Così poche ore fa la deputata siciliana del Movimento 5 Stelle Marialucia Lorefice si è rivolta al Ministro dell’Interno in occasione del question time sul caso dei presunti appalti pilotati nel Cara di Mineo.

La deputata ragusana rivolgendosi al sottosegretario Manzione ha riportato una minuziosa ricostruzione (cofirmata dai deputati Cancelleri, Rizzo e tutti i deputati M5S della commissione affari costituzionali e della commissione affari sociali) dei rapporti che alcuni componenti della organizzazione “mondo di mezzo” coinvolti nell’operazione Mafia Capitale hanno intrattenuto con la gestione del Cara di Mineo (Ct). Tra questi spicca la figura di Luca Odevaine, che stanno alle intercettazioni, risulta intrattenesse rapporti sia con gli enti gestori del Cara di Mineo che con diversi uomini politici siciliani.

“In particolare – ha sottolineato Lorefice – c’erano figure come quella di Odevaine il cui coinvolgimento con il Cara di Mineo non si fermava soltanto ad una consulenza. L’ex vicecapo di gabinetto di Veltroni sedeva, infatti, anche nella commissione incaricata di scegliere i nuovi gestori del centro richiedenti asilo. Il 25 giugno scorso viene infatti bandita la nuova gara d’appalto da quasi cento milioni di euro per tre anni: a vincerla la stessa associazione temporanea d’imprese che ha gestito il Cara negli ultimi tre anni. Cambia solo il capogruppo: prima c’era la Sisifo, ora c’è il Consorzio Casa della Solidarietà. Una delle cooperative del CARA di Mineo ovvero la Sisifo, da oltre un anno avrebbe trovato come propria sede per gli uffici catanesi, un lussuoso appartamento di proprietà dell’eurodeputato Giovanni La Via appartenente alla corrente politica di quel Giuseppe Castiglione che del CARA di Mineo è stato a lungo “Soggetto Attuatore” per conto della presidenza del Consiglio Berlusconi. L’on La Via ha però spiegato che in realtà lui ha affidato l’appartamento di sua proprietà tramite un’agenzia immobiliare e che proprio l’agenzia ha provveduto ad affidare al consorzio SiSifo l’appartamento con regolare contratto. Del tutto a sua insaputa, anzi, l’onorevole ha sottolineato come della cooperativa SISIFO non avesse mai sentito parlare”.

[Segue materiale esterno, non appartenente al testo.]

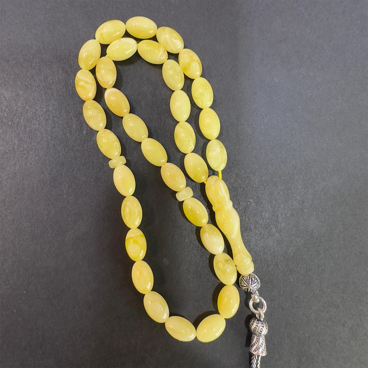 Kehribar taşı sanılanın aksine bir mücevher değil 40 milyon yıl önce ölen birçam türü olan Pinus succinifera ağaçlarının fosilleşmiş reçinesidir. Öyle ki kehribarlar, tarih öncesi böcekleri bile içinde saklamıştır. İnsanların binlerce yıldır, deniz kıyılarından, akarsulardan, alüvyon ve hatta bataklıklar arasından topladıkları bu değerli taş yeryüzünden silinen onlarca farklı ağaç türünün insanlığa armağanı olmuştur. 33 tanesi de çeşitli büyüklüklerde, bir kaç milyon yaşında haşere ihtiva eden kaliningrad damla kehribar tespih.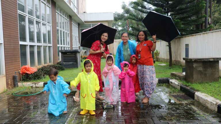 The classes conducted various activities. The teachers decorated some of schools rooms to become very interactive and fun to made the students learned about four seasons. Students do mush activities such as created colorful flowers stamp to represent spring using soda bottle, paint and brush, on provided worksheets. They played under the artificial rain with raincoat and umbrellas in autumn, played on the artificial snow with winter coat, and also played with sand beach, bubbles, beach ball in summer school area,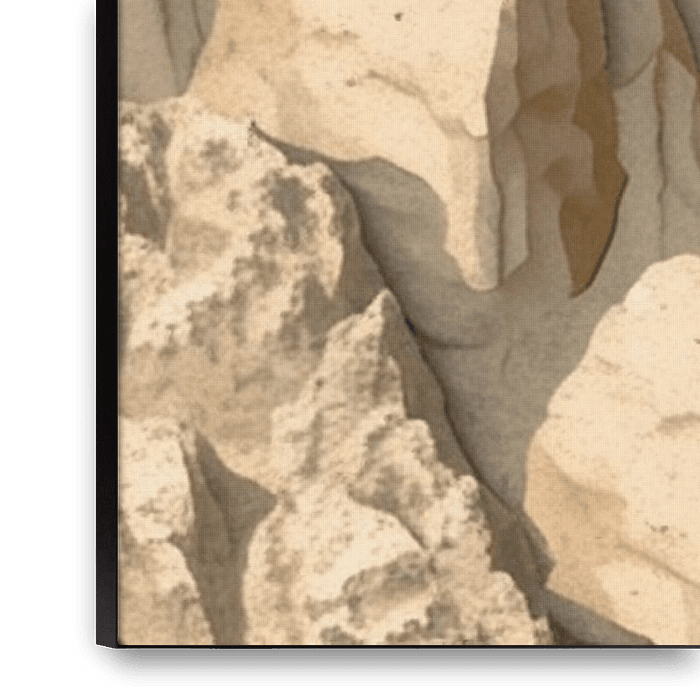 „Erosionsechos“ zeigt eine faszinierende Reihe von Felsformationen, die von der Zeit und den Elementen geformt wurden. Glatte Oberflächen treffen auf scharfe, definierte Kanten in einem komplizierten natürlichen Muster, das die raue Schönheit der geologischen Transformation unterstreicht. Die in sanften Beige- und Sandsteintönen…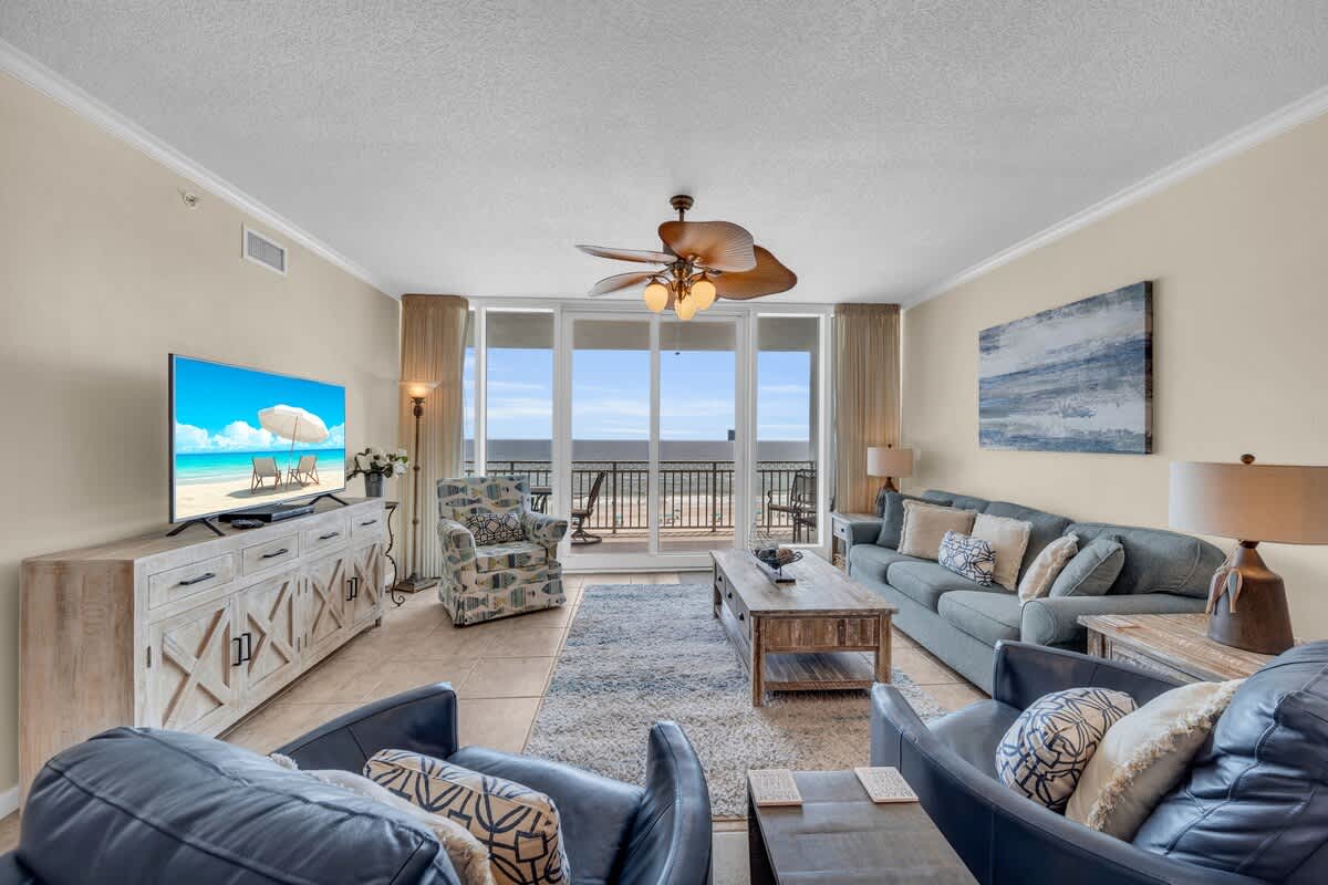 Perched on the 5th floor with stunning views of the Gulf, this luxurious 3-bedroom, 3-bath condo offers more than just a stay—it’s a lifestyle. With its mix of Southern charm, beach vibes, and touches of palm tree elegance, every detail invites you to relax and enjoy.

Alla luce di tali premesse i reputati firmatari hanno chiesto al Ministro se “è a conoscenza dei profili di conflitti di interesse e di inopportunità dei ruoli di alcune persone apicali nella vicenda CARA e quali provvedimenti, compresi gli eventuali invii di ispettori ministeriali, intenda intraprendere”.